### [Dataset entries]
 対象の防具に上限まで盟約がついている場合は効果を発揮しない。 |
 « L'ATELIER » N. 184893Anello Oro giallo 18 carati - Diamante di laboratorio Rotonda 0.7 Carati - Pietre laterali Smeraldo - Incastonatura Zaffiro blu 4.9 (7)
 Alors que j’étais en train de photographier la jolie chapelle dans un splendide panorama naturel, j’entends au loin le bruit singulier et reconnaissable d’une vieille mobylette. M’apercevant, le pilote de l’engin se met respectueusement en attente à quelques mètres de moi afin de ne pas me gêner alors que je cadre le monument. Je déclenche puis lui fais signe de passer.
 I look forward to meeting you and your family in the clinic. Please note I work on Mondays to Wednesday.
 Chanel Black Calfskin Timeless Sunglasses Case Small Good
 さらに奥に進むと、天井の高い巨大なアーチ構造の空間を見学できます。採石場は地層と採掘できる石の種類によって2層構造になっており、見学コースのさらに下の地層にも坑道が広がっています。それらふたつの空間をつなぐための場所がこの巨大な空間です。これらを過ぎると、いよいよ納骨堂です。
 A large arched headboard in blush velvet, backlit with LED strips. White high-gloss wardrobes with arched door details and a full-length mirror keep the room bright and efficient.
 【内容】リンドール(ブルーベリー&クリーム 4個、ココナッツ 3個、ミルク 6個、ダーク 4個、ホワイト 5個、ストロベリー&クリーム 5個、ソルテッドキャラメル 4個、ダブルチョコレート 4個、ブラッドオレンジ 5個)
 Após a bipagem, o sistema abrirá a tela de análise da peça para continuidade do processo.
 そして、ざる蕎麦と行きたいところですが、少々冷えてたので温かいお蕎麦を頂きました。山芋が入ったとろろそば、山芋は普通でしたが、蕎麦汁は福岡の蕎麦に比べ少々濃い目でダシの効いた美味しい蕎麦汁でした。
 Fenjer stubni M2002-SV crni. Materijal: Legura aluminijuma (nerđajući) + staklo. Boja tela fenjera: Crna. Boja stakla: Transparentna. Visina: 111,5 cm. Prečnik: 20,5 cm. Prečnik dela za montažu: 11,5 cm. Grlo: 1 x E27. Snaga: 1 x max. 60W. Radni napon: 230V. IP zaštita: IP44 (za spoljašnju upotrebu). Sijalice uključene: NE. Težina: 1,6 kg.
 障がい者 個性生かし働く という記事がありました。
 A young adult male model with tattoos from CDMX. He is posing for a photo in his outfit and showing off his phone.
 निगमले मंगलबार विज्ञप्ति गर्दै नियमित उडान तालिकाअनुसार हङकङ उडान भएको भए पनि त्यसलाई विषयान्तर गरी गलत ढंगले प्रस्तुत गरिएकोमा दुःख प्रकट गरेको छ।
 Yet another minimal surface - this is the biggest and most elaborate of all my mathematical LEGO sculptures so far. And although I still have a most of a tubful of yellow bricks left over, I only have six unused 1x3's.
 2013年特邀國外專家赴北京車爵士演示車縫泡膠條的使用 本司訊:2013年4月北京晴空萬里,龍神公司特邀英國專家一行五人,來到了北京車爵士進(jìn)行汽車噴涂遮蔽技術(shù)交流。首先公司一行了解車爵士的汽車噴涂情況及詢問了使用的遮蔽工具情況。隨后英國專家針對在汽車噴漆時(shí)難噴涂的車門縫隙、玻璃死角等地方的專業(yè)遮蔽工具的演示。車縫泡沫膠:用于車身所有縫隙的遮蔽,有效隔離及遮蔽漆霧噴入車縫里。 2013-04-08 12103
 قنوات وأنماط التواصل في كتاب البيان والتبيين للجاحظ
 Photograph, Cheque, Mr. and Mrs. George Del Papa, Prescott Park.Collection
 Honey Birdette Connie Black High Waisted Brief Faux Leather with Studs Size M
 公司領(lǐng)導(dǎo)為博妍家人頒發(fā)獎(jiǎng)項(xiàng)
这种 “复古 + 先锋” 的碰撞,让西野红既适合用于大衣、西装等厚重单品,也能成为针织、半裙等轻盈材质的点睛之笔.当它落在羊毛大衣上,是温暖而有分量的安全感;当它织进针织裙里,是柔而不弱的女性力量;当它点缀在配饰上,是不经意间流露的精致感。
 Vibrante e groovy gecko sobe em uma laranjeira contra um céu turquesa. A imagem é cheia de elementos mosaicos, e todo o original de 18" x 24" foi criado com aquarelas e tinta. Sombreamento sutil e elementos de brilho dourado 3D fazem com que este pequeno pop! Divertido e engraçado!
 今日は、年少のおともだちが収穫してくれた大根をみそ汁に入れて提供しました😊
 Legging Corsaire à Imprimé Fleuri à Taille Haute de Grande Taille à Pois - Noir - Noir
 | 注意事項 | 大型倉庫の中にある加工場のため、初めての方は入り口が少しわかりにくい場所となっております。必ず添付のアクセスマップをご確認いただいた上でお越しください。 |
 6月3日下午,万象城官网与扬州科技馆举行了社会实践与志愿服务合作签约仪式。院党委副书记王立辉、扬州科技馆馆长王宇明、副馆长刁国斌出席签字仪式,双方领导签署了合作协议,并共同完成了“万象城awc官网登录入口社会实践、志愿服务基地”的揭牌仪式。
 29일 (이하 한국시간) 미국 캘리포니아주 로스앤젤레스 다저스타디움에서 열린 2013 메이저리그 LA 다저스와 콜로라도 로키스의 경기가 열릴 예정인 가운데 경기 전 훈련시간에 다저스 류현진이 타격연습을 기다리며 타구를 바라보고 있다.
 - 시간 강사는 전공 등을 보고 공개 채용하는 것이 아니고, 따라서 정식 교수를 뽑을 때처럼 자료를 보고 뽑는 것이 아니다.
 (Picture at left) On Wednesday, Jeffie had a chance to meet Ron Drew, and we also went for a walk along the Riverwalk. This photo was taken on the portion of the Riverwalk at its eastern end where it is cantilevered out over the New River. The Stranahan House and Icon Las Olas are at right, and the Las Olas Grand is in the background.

### [What the exercise asks]
Above are the entries. Output exactly the lines beginning with the line that has "Photograph, Cheque, Mr." and ending with the line that has "今日は、年少のおともだちが収穫してくれた大根をみそ汁に入れて提供しました😊".

### [Response to the task]
 Photograph, Cheque, Mr. and Mrs. George Del Papa, Prescott Park.Collection
 Honey Birdette Connie Black High Waisted Brief Faux Leather with Studs Size M
 公司領(lǐng)導(dǎo)為博妍家人頒發(fā)獎(jiǎng)項(xiàng)
这种 “复古 + 先锋” 的碰撞,让西野红既适合用于大衣、西装等厚重单品,也能成为针织、半裙等轻盈材质的点睛之笔.当它落在羊毛大衣上,是温暖而有分量的安全感;当它织进针织裙里,是柔而不弱的女性力量;当它点缀在配饰上,是不经意间流露的精致感。
 Vibrante e groovy gecko sobe em uma laranjeira contra um céu turquesa. A imagem é cheia de elementos mosaicos, e todo o original de 18" x 24" foi criado com aquarelas e tinta. Sombreamento sutil e elementos de brilho dourado 3D fazem com que este pequeno pop! Divertido e engraçado!
 今日は、年少のおともだちが収穫してくれた大根をみそ汁に入れて提供しました😊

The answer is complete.